Split the loaded data into training and testing sets using scikit-learn's train_test_split.

In [12]:
# Train/test split
from sklearn.model_selection import train_test_split

# Define text and label columns
text_col = 'clean_text'
label_cols = [col for col in df.columns if col.startswith('label_')]

X = df[text_col].values
Y = df[label_cols].values

X_train, X_test, Y_train, Y_test = train_test_split(
    X, Y, test_size=0.2, random_state=42, stratify=Y
)

print(f'Train size: {len(X_train)}, Test size: {len(X_test)}')

Train size: 12924, Test size: 3232


## 3. Tokenize for Transformers

Use a Hugging Face tokenizer (BertTokenizer) to tokenize the text data for transformer models.

In [13]:
# Tokenization for transformers
from transformers import BertTokenizer

tokenizer = BertTokenizer.from_pretrained('bert-base-uncased')

# Tokenize train and test text
def tokenize_texts(texts, tokenizer, max_length=128):
    return tokenizer(
        list(texts),
        padding='max_length',
        truncation=True,
        max_length=max_length,
        return_tensors='pt'
    )

train_encodings = tokenize_texts(X_train, tokenizer)
test_encodings = tokenize_texts(X_test, tokenizer)

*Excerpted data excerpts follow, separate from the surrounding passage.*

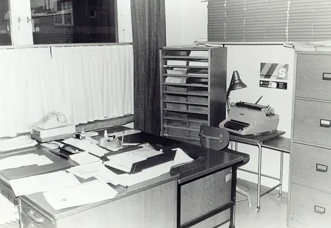 Kansli nr 2, första egna rummet i R.f H. Rutger Fuchsgatan 4, Stockholm november 1979.
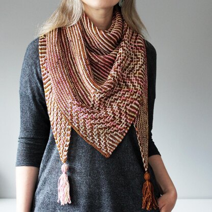 A wide zig-zag mosaic border runs along one side of a striped garter body on this beautiful triangular shawl. Grab your favourite two colours of fingering weight yarn and cast on for this eye-catching, modern wrap!
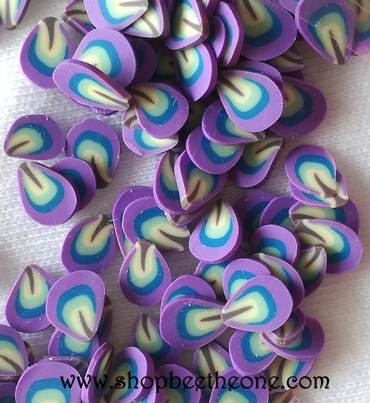 1 g (+/- 70 pièces) de Tranches de Fimo Pâte Polymère - Plume/Feuille arrondie exotique - Vert ou violet
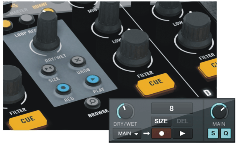 Wem das noch immer nicht genügt, der kann über einen Loop-Recorder das laufende Signal eines oder aller Decks global abgreifen und dieses sogar per Overdub immer weiter layern - und das optional auch per Fußschalter, den man direkt am S4 anklemmen kann.
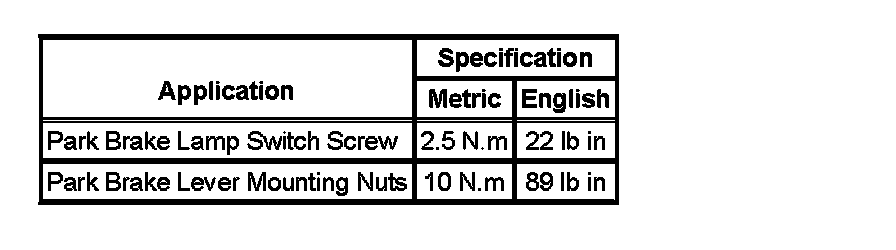Parking Brake System: Specifications
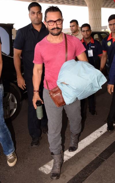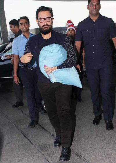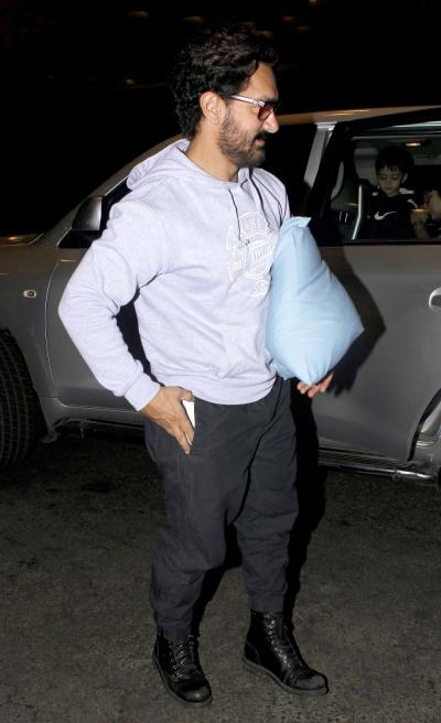 Yes, it's not Aamir's stylish look at the airport, but the pillow in his hand that grabs more attention. Yes, wherever Aamir goes, his pillow is with him.
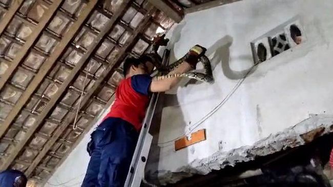 "Ketika ditengok ke atas ternyata ada ular yang sangat besar sembunyi di atap rumah," katanya kepada detikJateng, Kamis (6/4/2023) malam.
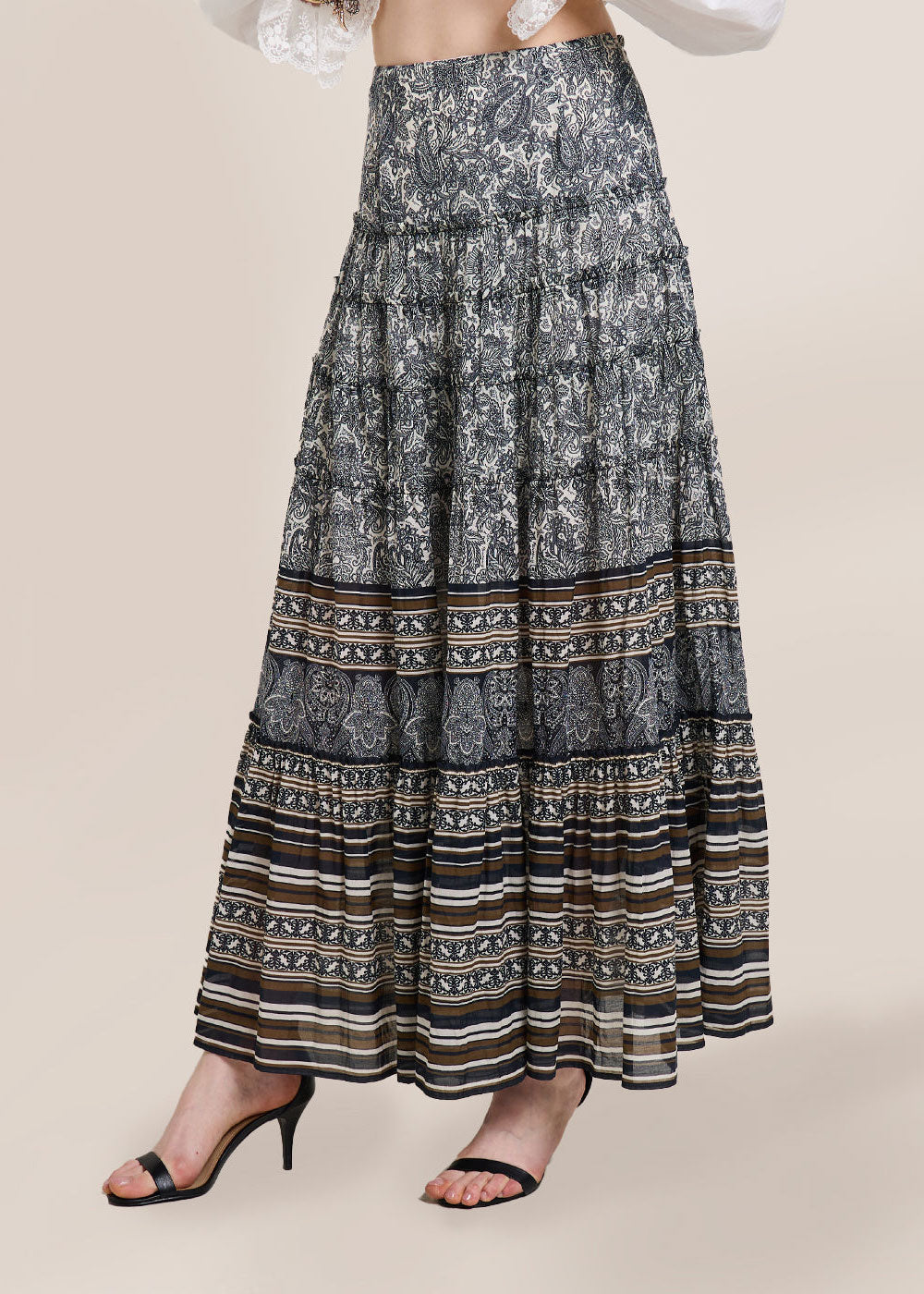 captures effortless style and comfort. Crafted from a blend of viscose and cotton suchi voile, this maxi-length skirt features an engineered placement print all over creating a striking visual effect.
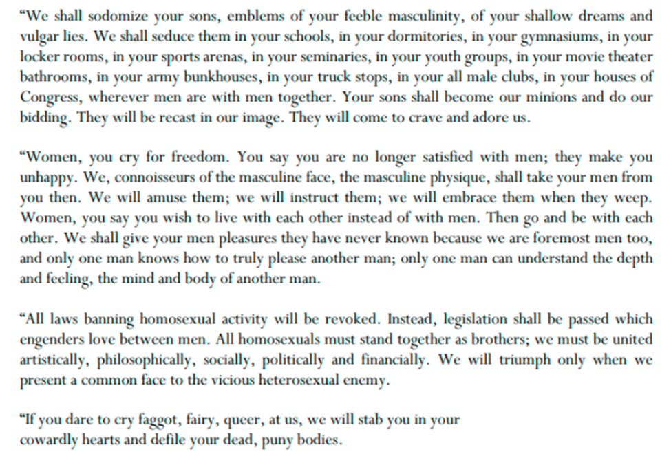 Revolutionary, and The Homosexual Manifesto all make
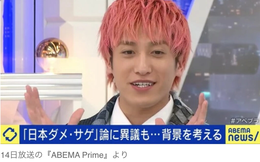 1: 伝説の田中c ★ 2023/12/17(日) 20:54:58.72 ID:1qk2wPtE9 お笑いコンビ・EXITがMCを務める『ABEMA Prime』が14日に放送。この日の放送では「少子高齢化や円安で日本は衰退する」「他国と比べて日本はもうダメ」など、自国を卑下するような「日本ダメ...

print('Tokenization complete.')
print(f"Train encodings: {train_encodings['input_ids'].shape}")
print(f"Test encodings: {test_encodings['input_ids'].shape}")

Tokenization complete.
Train encodings: torch.Size([12924, 128])
Test encodings: torch.Size([3232, 128])


## 4. Prepare Data for Modeling

Convert tokenized data and labels into a PyTorch Dataset for use with transformer models.

In [14]:
# Prepare PyTorch Dataset for modeling
import torch
from torch.utils.data import Dataset, DataLoader

class ReviewsDataset(Dataset):
    def __init__(self, encodings, labels):
        self.encodings = encodings
        self.labels = torch.tensor(labels, dtype=torch.float32)
    def __getitem__(self, idx):
        item = {key: val[idx] for key, val in self.encodings.items()}
        item['labels'] = self.labels[idx]
        return item
    def __len__(self):
        return len(self.labels)

train_dataset = ReviewsDataset(train_encodings, Y_train)
test_dataset = ReviewsDataset(test_encodings, Y_test)

print(f'Train dataset size: {len(train_dataset)}')
print(f'Test dataset size: {len(test_dataset)}')

Train dataset size: 12924
Test dataset size: 3232


In [15]:
# Save only encodings and labels for reproducibility and compatibility
import os
os.makedirs('../data/processed', exist_ok=True)
torch.save({'encodings': train_encodings, 'labels': Y_train}, '../data/processed/train_dataset.pt')
torch.save({'encodings': test_encodings, 'labels': Y_test}, '../data/processed/test_dataset.pt')
print('Saved train and test encodings/labels for later use.')

Saved train and test encodings/labels for later use.